Raw data: Begin

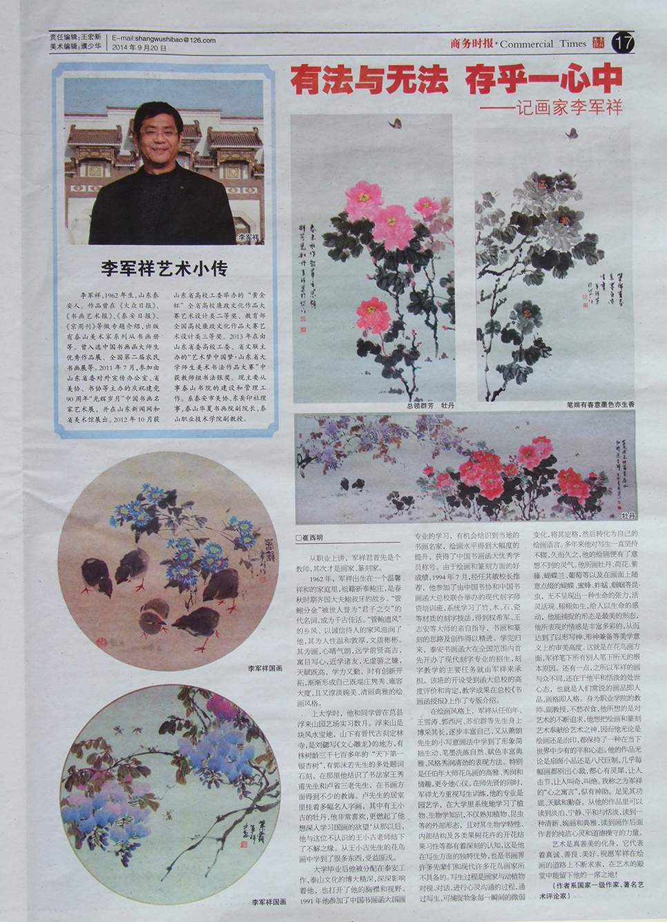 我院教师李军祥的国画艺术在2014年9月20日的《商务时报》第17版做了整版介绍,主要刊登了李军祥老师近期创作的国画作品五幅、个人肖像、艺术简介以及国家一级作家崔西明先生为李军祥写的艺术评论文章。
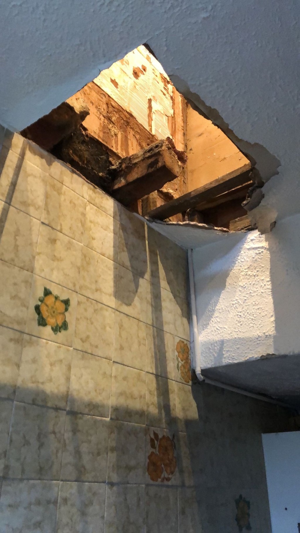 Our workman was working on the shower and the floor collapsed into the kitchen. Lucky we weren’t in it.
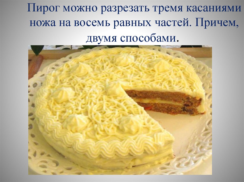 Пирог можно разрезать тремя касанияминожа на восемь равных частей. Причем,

Raw data: End

Task to complete.
When you write out the material, reproduce each line exactly and omit any picture it holds.

Response.
 我院教师李军祥的国画艺术在2014年9月20日的《商务时报》第17版做了整版介绍,主要刊登了李军祥老师近期创作的国画作品五幅、个人肖像、艺术简介以及国家一级作家崔西明先生为李军祥写的艺术评论文章。
 Our workman was working on the shower and the floor collapsed into the kitchen. Lucky we weren’t in it.
 Пирог можно разрезать тремя касанияминожа на восемь равных частей. Причем,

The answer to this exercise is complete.